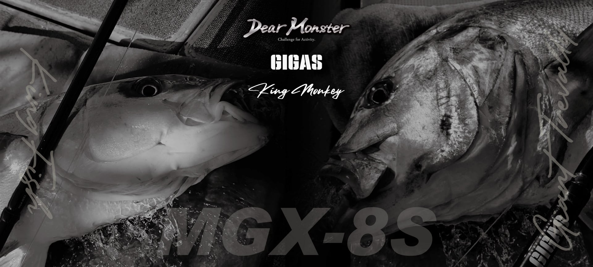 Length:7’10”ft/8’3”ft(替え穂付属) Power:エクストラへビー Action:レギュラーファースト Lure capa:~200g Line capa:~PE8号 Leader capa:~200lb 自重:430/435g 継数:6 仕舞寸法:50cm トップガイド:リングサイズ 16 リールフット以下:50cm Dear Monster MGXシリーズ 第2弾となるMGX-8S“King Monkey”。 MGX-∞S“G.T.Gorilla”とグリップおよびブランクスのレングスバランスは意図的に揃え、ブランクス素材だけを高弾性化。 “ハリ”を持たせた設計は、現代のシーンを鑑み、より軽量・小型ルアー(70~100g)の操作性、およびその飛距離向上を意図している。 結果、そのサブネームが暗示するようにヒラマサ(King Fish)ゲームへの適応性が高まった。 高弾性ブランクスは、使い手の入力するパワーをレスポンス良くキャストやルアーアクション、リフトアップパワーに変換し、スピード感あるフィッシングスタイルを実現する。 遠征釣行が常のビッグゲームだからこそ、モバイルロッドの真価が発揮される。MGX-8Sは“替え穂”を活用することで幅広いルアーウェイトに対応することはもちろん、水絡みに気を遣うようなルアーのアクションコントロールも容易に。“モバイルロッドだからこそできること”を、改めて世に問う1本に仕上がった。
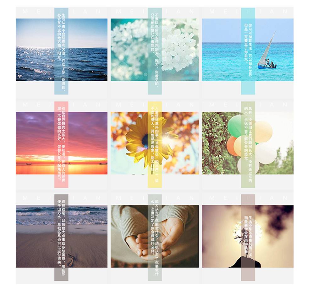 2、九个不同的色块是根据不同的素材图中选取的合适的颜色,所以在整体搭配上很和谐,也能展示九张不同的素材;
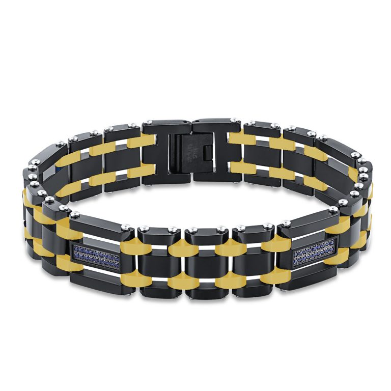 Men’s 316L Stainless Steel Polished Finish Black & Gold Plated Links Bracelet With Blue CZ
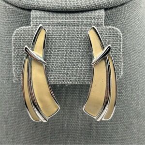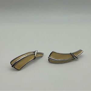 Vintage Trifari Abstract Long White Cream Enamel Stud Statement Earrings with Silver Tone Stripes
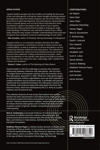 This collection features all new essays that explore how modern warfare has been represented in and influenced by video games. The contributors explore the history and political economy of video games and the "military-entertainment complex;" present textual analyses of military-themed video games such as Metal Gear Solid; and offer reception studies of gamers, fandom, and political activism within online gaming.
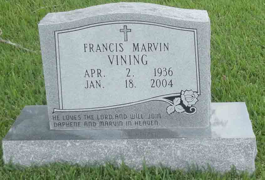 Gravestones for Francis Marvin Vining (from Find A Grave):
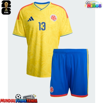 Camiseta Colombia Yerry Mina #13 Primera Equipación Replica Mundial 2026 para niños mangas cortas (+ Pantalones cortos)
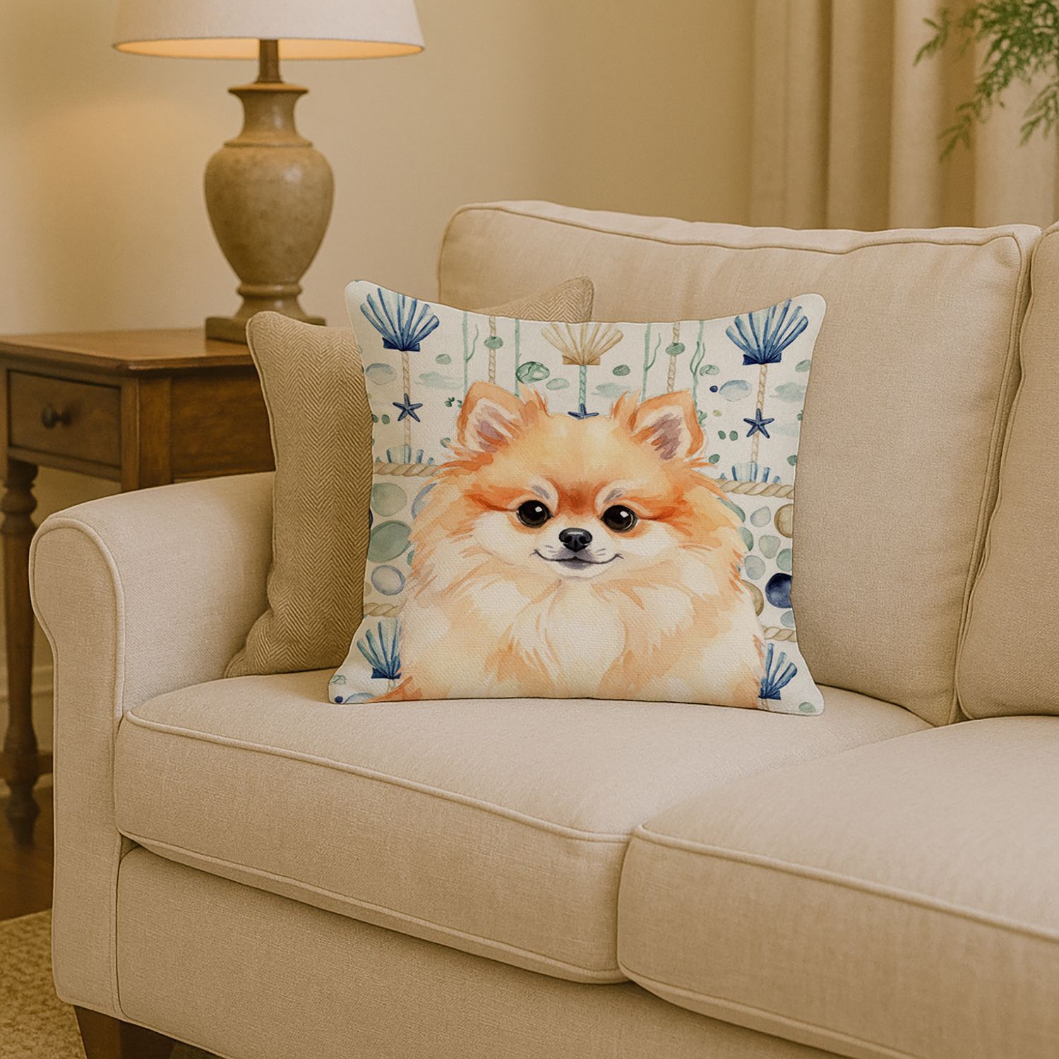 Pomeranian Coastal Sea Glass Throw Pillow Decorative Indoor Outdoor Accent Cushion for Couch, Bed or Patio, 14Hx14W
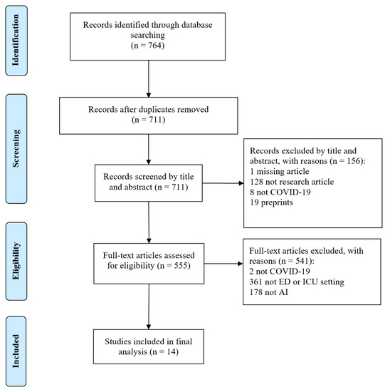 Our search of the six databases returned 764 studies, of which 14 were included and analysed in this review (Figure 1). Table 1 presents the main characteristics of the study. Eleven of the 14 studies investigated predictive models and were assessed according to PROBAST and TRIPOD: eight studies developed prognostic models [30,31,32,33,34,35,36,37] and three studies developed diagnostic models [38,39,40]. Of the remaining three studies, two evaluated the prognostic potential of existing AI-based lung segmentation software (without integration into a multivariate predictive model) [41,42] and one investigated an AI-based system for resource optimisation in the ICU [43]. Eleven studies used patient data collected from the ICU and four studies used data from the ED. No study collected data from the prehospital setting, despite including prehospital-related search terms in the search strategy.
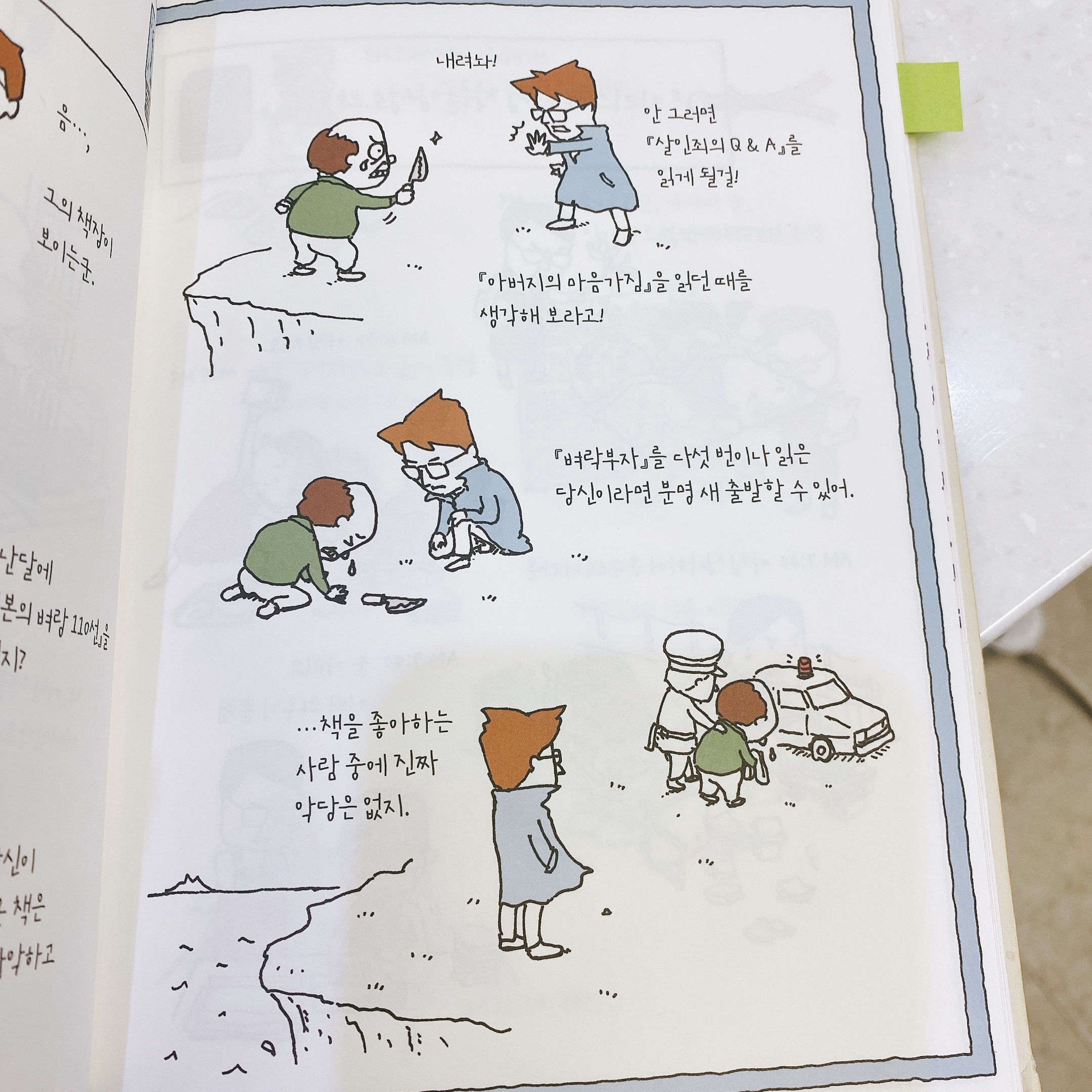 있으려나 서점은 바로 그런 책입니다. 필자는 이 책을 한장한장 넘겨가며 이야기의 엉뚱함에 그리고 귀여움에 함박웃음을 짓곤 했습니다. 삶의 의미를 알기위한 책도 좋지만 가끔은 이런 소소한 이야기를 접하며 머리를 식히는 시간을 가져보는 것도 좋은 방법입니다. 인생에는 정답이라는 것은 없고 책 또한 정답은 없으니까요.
* * *
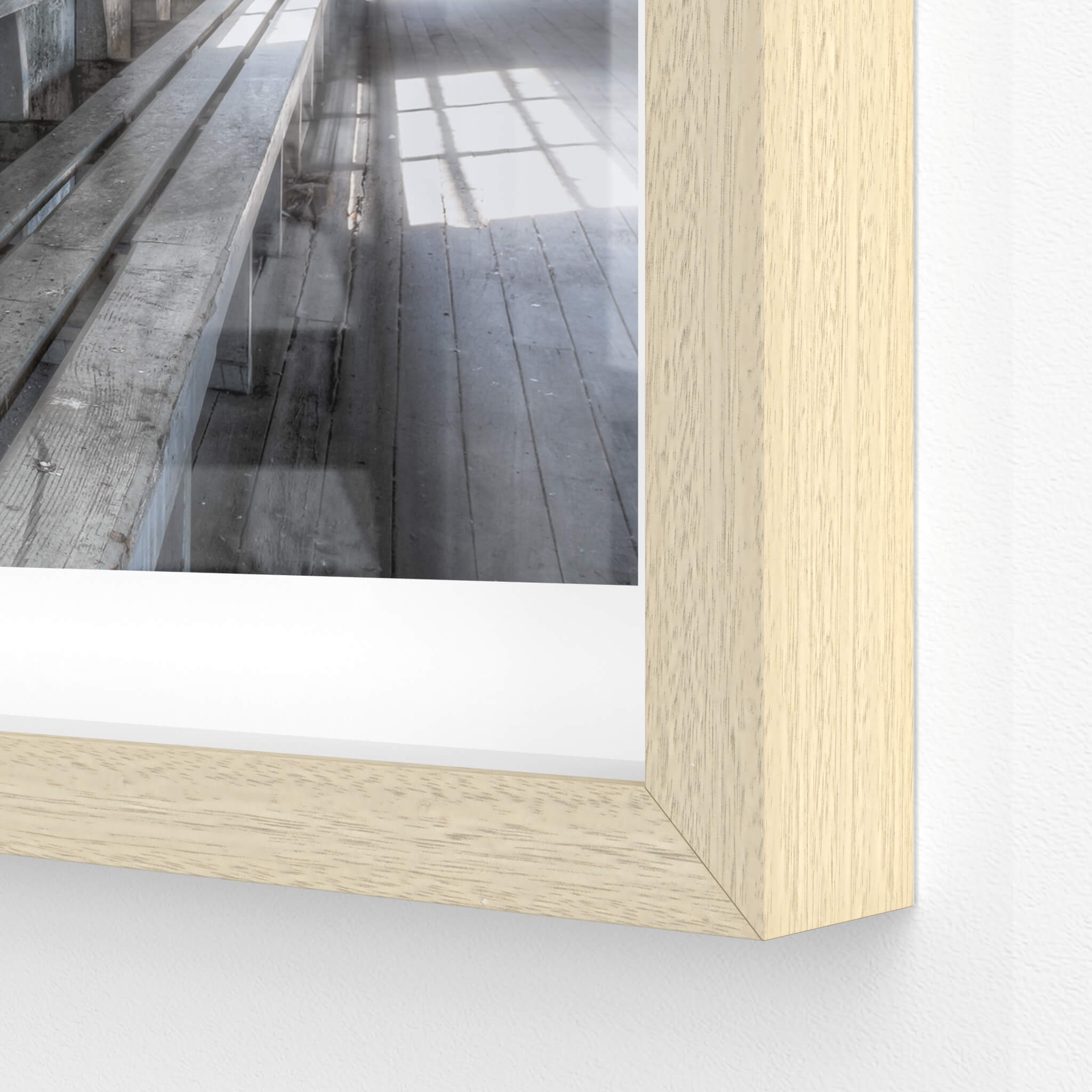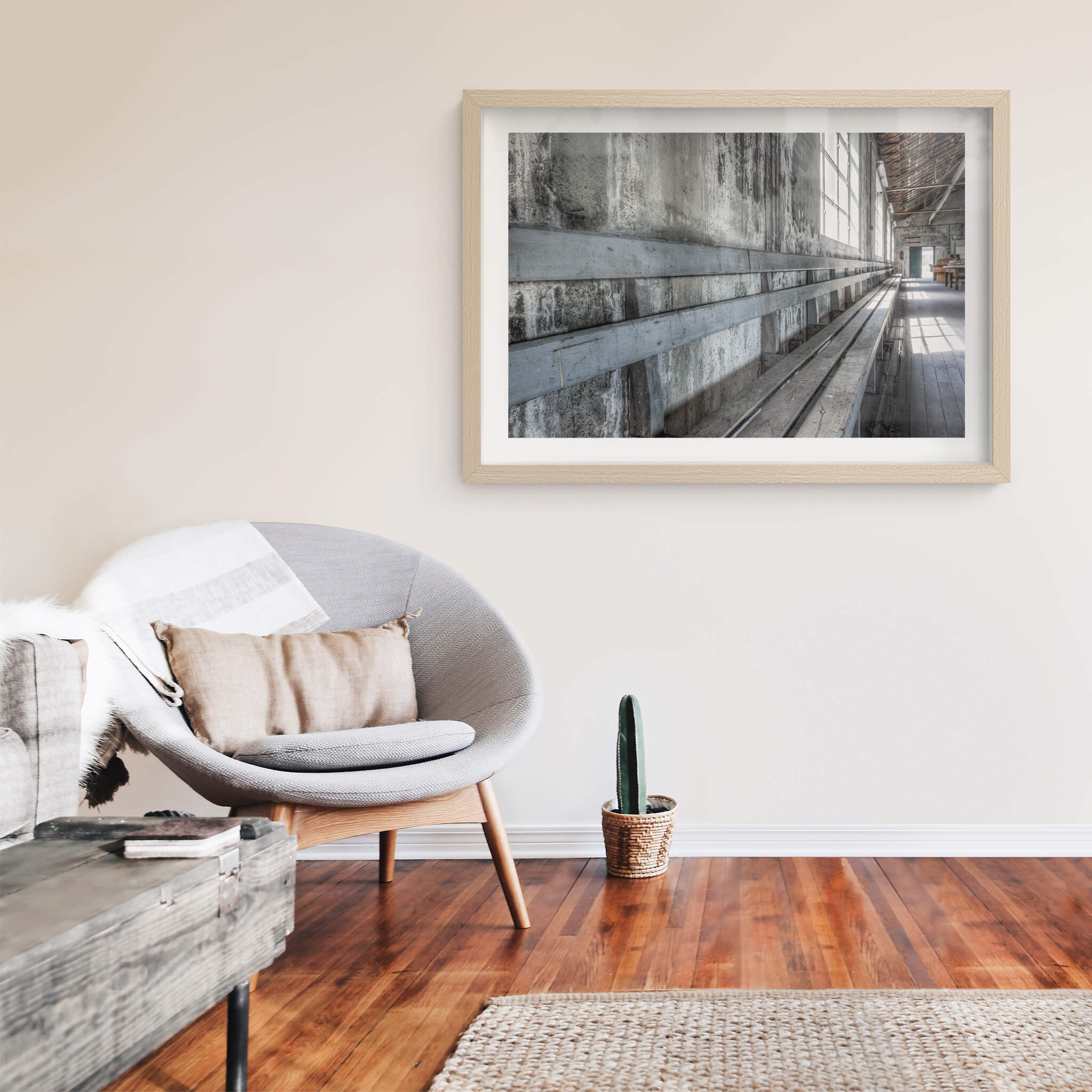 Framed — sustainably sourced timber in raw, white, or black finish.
* * *
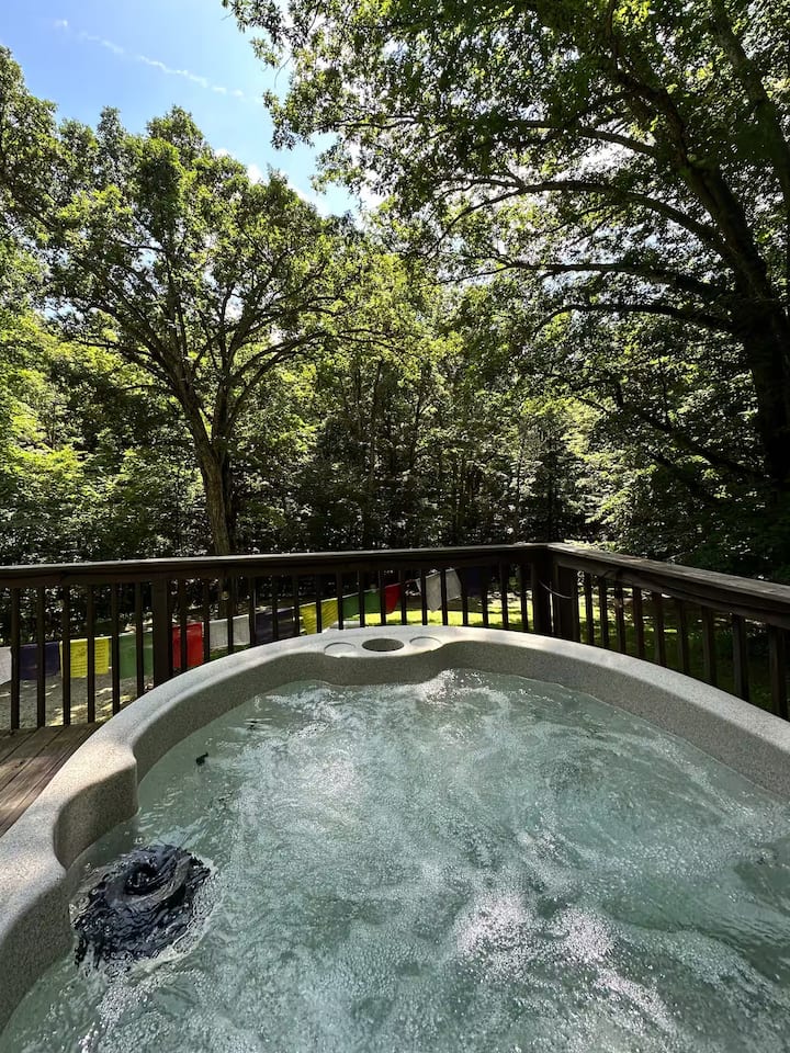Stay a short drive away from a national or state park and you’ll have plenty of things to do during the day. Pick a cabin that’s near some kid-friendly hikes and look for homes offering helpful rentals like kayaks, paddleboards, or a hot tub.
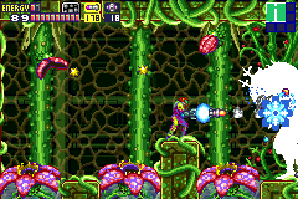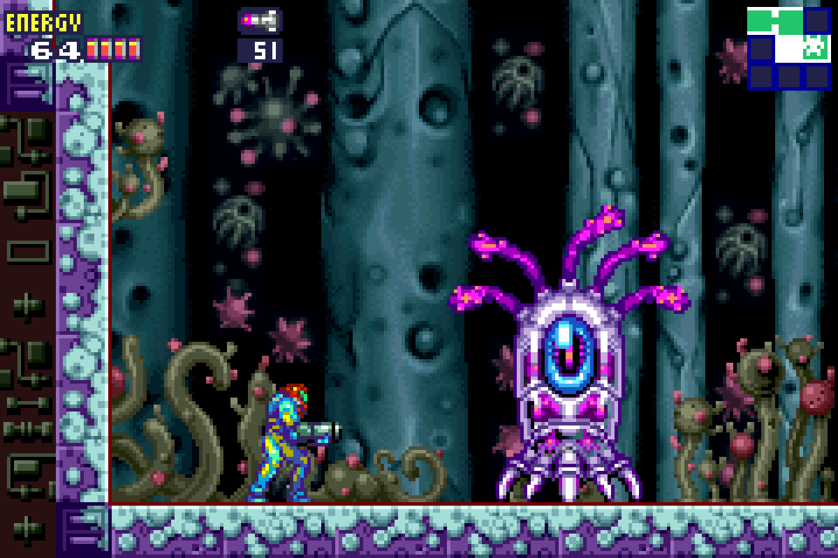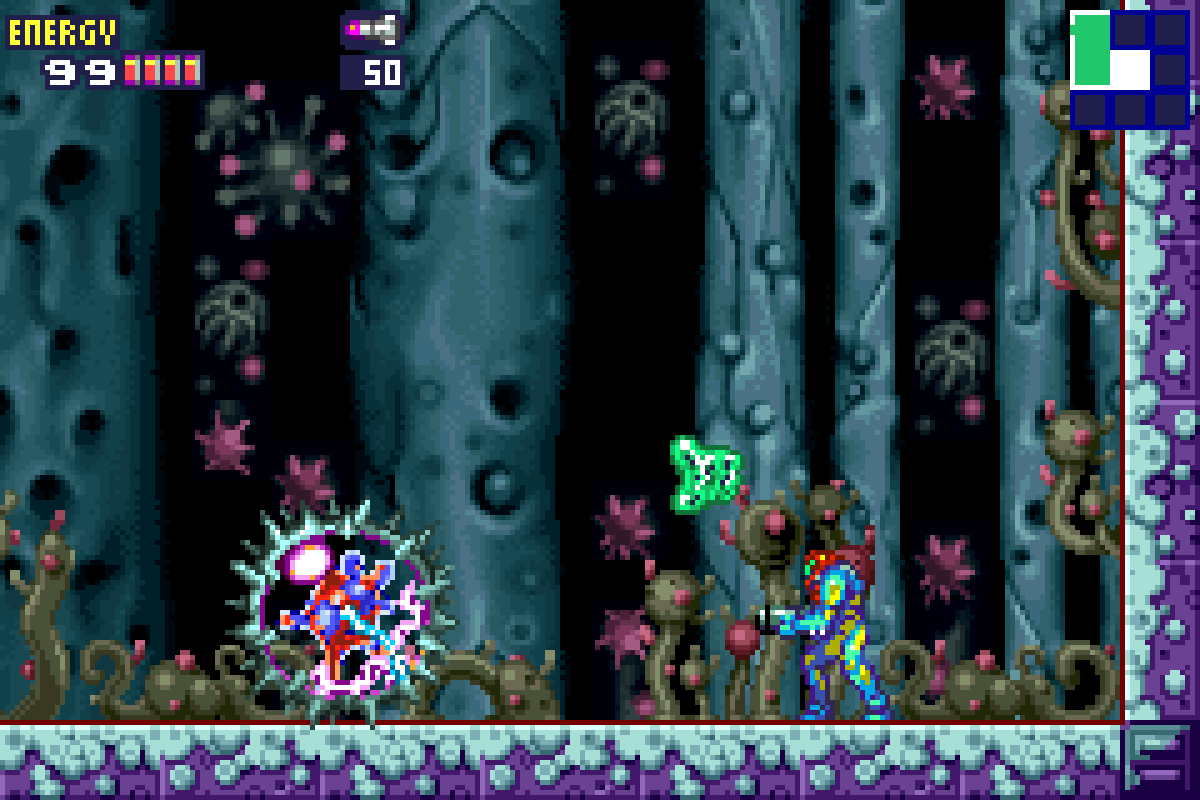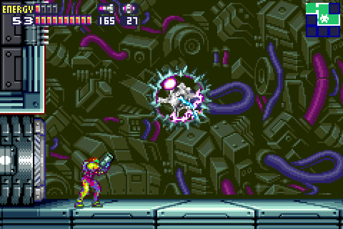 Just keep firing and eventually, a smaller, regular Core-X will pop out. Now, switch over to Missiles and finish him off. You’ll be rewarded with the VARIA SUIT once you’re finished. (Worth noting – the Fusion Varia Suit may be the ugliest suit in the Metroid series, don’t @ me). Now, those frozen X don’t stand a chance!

▸ **Problem to solve**:
Copy only the lines above from the one containing "This collection features" through the one containing "Camiseta Colombia Yerry", both included. Leave out the pictures.

▸ **Result for this exercise**:
 This collection features all new essays that explore how modern warfare has been represented in and influenced by video games. The contributors explore the history and political economy of video games and the "military-entertainment complex;" present textual analyses of military-themed video games such as Metal Gear Solid; and offer reception studies of gamers, fandom, and political activism within online gaming.
 Gravestones for Francis Marvin Vining (from Find A Grave):
 Camiseta Colombia Yerry Mina #13 Primera Equipación Replica Mundial 2026 para niños mangas cortas (+ Pantalones cortos)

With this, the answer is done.